Dutch supermarket group Ahold Delhaize reported slightly higher-than-expected sales for the fourth quarter, thanks to strong holiday sales at its US grocery stores and market share gains by its Dutch chain Albert Heijn.
Revenue for the three months through 31 December was €23.28 billion ($24.12 billion), ahead of analysts' consensus estimate of €23.21 billion in a company-compiled poll.
Shares in the company, however, were trading 4% lower in early trade, which analysts attributed to a potential margin drop.
'While the outlook for FY25 is in line with expectations, Ahold Delhaize now banks group margin of 'around 4.0%', while it historically guided for margins of 'at least 4.0%',' analysts at KBC said in a note.

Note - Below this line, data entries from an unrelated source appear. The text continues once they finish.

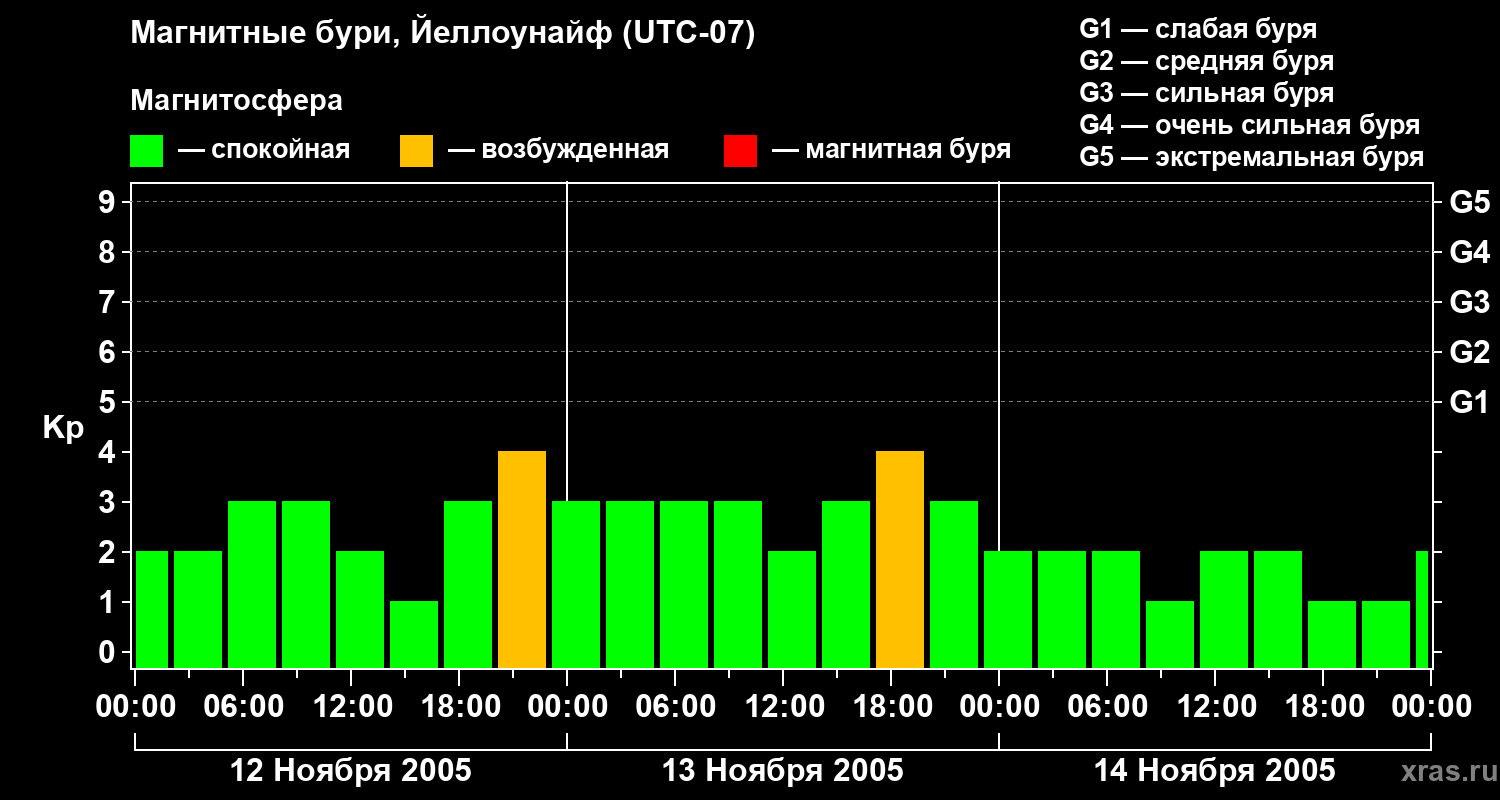 Изменения геомагнитного индекса Kp с 12 по 14 ноября 2005 года для средних широт
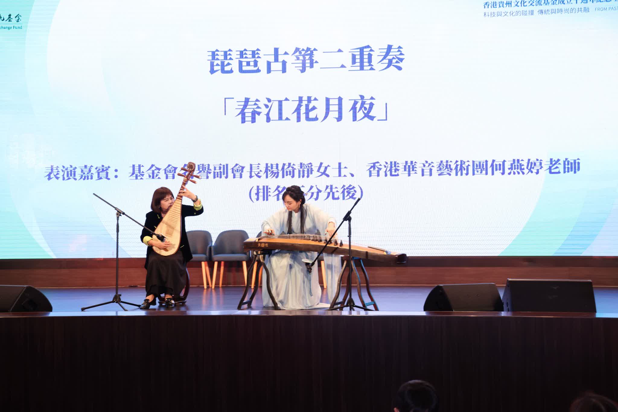 姊妹學校之一的貴陽市實驗小學學生帶來朗誦歌舞表演,基金會名譽副會長楊倚靜與香港華音藝術團合作演繹《春江花月夜》,增添濃郁文化氛圍。
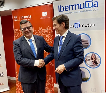 El director general de Fundación ONCE, José Luis Martínez Donoso, y el director general de Ibermutua, Heraclio Corrales Romeo, han firmado en Madrid un Convenio Inserta para fomentar el empleo de personas con discapacidad, que supondrá la participación en procesos de inserción laboral, en la mutua colaboradora con la Seguridad Social y a través del proyecto de formación y readaptación profesional a trabajadores accidentados laboralmente de empresas mutualistas, de 20 personas con discapacidad en los próximos cuatro años.

Ahold Delhaize said it expects an underlying operating margin of around 4% in 2025, the same level as 2024, and aims to save €1.25 billion through a cost-saving programme.
Regional Performance
The US was 'materially below expectations', due to an increase in pharmacy sales and wage inflation, while the European division 'performed much better than anticipated, with sales and underlying operating profit respectively 0.6% and 9.6% above consensus,' said ING.
In the US, where Ahold Delhaize generates more than half of its revenue, major retailers including Target and Walmart have been pushing to keep prices of essentials low as many Americans shun big-ticket spending and turn to discount shopping in the face of sticky inflation.
The Food Lion and Stop & Shop parent company said it would invest more in lowering product prices this year.
The group announced higher capital expenditure for 2025, at around €2.7 billion, for new store openings and investments in technology.